*Problem to work on*:
When you copy the material below, keep every line exact and omit the pictures.

====== Supplied information ======

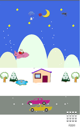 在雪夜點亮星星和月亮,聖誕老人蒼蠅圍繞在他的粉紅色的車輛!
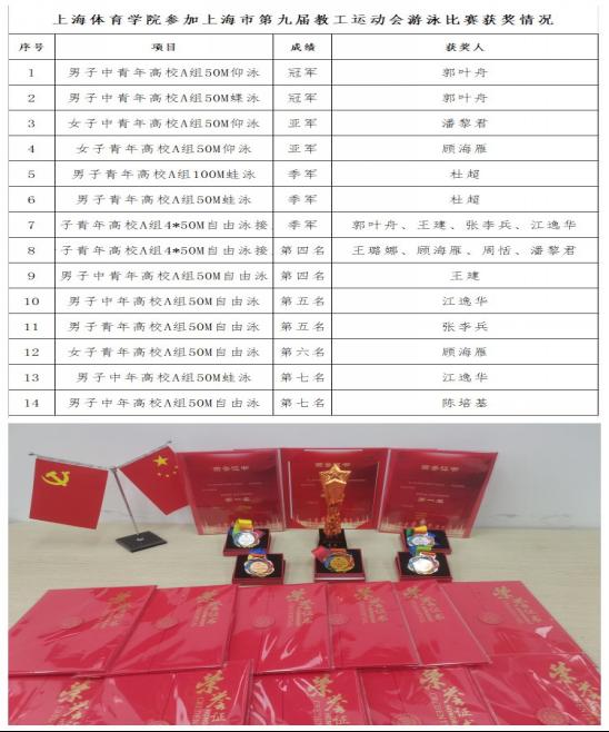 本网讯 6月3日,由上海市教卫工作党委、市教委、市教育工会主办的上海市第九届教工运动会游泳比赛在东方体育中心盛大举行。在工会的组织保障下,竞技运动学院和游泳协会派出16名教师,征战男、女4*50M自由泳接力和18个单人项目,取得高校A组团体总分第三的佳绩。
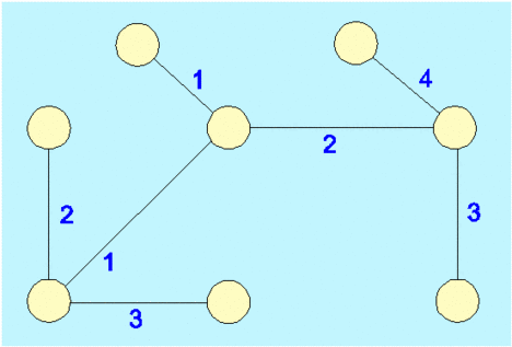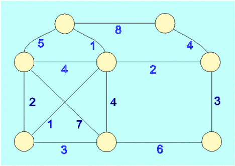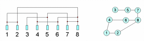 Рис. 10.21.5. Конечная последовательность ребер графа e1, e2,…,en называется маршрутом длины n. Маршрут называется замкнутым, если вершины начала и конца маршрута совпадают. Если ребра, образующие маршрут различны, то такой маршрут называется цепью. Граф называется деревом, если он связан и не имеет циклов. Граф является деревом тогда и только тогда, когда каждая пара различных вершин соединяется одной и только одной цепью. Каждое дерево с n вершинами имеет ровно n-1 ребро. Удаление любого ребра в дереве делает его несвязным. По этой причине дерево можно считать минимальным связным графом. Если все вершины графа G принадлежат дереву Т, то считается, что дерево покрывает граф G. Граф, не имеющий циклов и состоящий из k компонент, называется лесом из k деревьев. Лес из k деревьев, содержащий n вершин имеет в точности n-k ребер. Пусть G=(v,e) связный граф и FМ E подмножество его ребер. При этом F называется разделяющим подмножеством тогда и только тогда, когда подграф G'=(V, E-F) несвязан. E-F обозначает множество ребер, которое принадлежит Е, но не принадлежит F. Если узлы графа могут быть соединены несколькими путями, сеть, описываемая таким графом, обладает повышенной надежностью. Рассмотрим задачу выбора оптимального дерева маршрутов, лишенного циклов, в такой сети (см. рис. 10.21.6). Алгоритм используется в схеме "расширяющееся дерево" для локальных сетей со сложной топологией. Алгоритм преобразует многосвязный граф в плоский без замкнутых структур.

======

*Your solution*:
 在雪夜點亮星星和月亮,聖誕老人蒼蠅圍繞在他的粉紅色的車輛!
 本网讯 6月3日,由上海市教卫工作党委、市教委、市教育工会主办的上海市第九届教工运动会游泳比赛在东方体育中心盛大举行。在工会的组织保障下,竞技运动学院和游泳协会派出16名教师,征战男、女4*50M自由泳接力和18个单人项目,取得高校A组团体总分第三的佳绩。
 Рис. 10.21.5. Конечная последовательность ребер графа e1, e2,…,en называется маршрутом длины n. Маршрут называется замкнутым, если вершины начала и конца маршрута совпадают. Если ребра, образующие маршрут различны, то такой маршрут называется цепью. Граф называется деревом, если он связан и не имеет циклов. Граф является деревом тогда и только тогда, когда каждая пара различных вершин соединяется одной и только одной цепью. Каждое дерево с n вершинами имеет ровно n-1 ребро. Удаление любого ребра в дереве делает его несвязным. По этой причине дерево можно считать минимальным связным графом. Если все вершины графа G принадлежат дереву Т, то считается, что дерево покрывает граф G. Граф, не имеющий циклов и состоящий из k компонент, называется лесом из k деревьев. Лес из k деревьев, содержащий n вершин имеет в точности n-k ребер. Пусть G=(v,e) связный граф и FМ E подмножество его ребер. При этом F называется разделяющим подмножеством тогда и только тогда, когда подграф G'=(V, E-F) несвязан. E-F обозначает множество ребер, которое принадлежит Е, но не принадлежит F. Если узлы графа могут быть соединены несколькими путями, сеть, описываемая таким графом, обладает повышенной надежностью. Рассмотрим задачу выбора оптимального дерева маршрутов, лишенного циклов, в такой сети (см. рис. 10.21.6). Алгоритм используется в схеме "расширяющееся дерево" для локальных сетей со сложной топологией. Алгоритм преобразует многосвязный граф в плоский без замкнутых структур.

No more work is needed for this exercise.